On my way there I passed the building at the corner of St. John and A streets that is always lit up like a Christmas tree, has no signage and always has one or two suspicious-looking people coming and going from it. This morning, business was brisk, whatever it might be they purvey.

Heading to Dunkin Donuts, I saw a man wobbling behind the Dog Fish cafĂ© yelling toward the sky at the top of his lungs. I continued up Congress. I am not over-embellishing when I say that every single stoop on the portion of Congress between Valley St and Bramhall Square was occupied by two or three people I wouldn’t be having tea with, and at two buildings, entry was being granted to knockers by the way of a guy cracking the door, peering out, and sizing up the visiting company. On a typical morning, you might see two or three people in this neck of the woods total. Thursday, there were 30 peeps, minimum.
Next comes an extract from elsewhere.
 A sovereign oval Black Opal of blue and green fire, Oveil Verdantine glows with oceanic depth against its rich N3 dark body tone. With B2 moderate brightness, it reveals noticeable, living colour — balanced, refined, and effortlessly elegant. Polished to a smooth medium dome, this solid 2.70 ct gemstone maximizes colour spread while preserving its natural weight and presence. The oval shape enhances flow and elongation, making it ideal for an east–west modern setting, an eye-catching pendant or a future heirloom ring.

I banged a right on Bramhall St, passing three late-teen/early twenties dudes using an orange construction cone as a megaphone. They had made their way up to Maine Medical Center by the time I had exited the hospital. I saw them approach a doctor outside to smoke a cigarette and as I passed in my rearview saw them dropkick the cone in her direction.

Driving further into the West End I saw people everywhere. There are always a few bar stragglers or wayward addicts out and about, but Thursday they were on every street and around every bend. Arriving at Cumberland Farms, I was greeting by a gaggle of early-twentysomethings in the parking lot. The manager of the store, having recently lost the part-time overnight guy, was manning the store. I walked in and said “The city is nuts tonight!” He agreed, and reminded me of a fact a working guy is wont to forget. It was the first of the month, he said, “checks went out.”
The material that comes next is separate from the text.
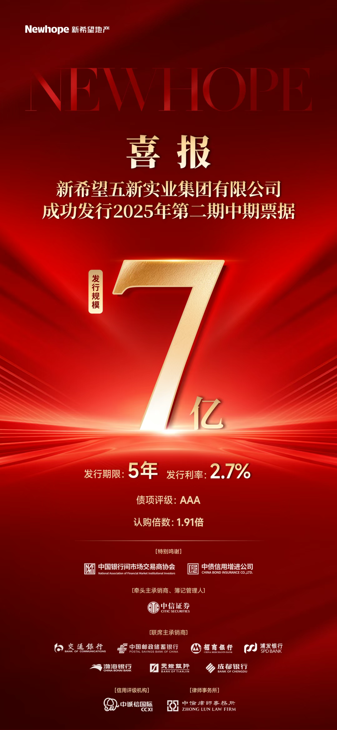 近日,新希望五新实业集团有限公司(以下简称“新希望地产”)成功发行为期五年的2025年第二期中期票据。此次发行总额为7亿元,票面利率2.70%,并由中债信用增进投资股份有限公司提供全额保证担保。全场认购倍数1.91倍,投资者参与踊跃。

“That’s right!” I remembered right then that a percentage my early morning toil went to subsidize a few nights on the town for the very people I was seeing out. I usually don’t notice that our subsidizing of the criminally inclined underclass in our city has occurred until about the eighth of the month when I try to find a snack cake in the city and can’t; It seems the Hostess guy hasn’t figured out how to capitalize on the welfare state through efficient merchandising.

Having been reminded of why the city was so busy, I had a better understanding of the grand weirdness I was witnessing. Continuing forth on Danforth Street, there were four dudes standing next to a fire hydrant that had been opened and was spewing water.

I crossed the interstate from there and headed out on Forest Ave. I nearly squished a guy laying smack dab in the middle of the parking lot at the 449 Forest Ave Plaza, saw two kids armed with felt-tip writing devices at Woodfords Corner and in my rearview, after having passed a wobbly bike rider saw him then cross in front of a cargo van which came to a complete stop to wait for him to move out of the way. Heading further down Forest, I saw four police cruisers pass me, quickly heading in to town.

The quietest part of the city Thursday morning? Riverton. Not a peep out there, which was weird in of itself.

So that is what was happening while you were sleeping and your tax money was subsidizing “less fortunate” people Thursday morning. I thought you might like to know. It’s time to start thinking about when, not wondering if, what the climate in the city will be like after the collapse of the welfare state. Will a given Thursday at around noon start to more closely resemble this past Thursday at three in the morning? Will these people be better behaved when they’re not getting their Ramen noodles and starving? And most importantly, what steps are you taking now to protect yourselves for the eventuality they will come knocking on the door of a North Deering cape near you?

Seeing Portland slowly deteriorate over the last two years in the early morning has given me time to think about these things. Let’s hope our city leaders give it the same kind of thought.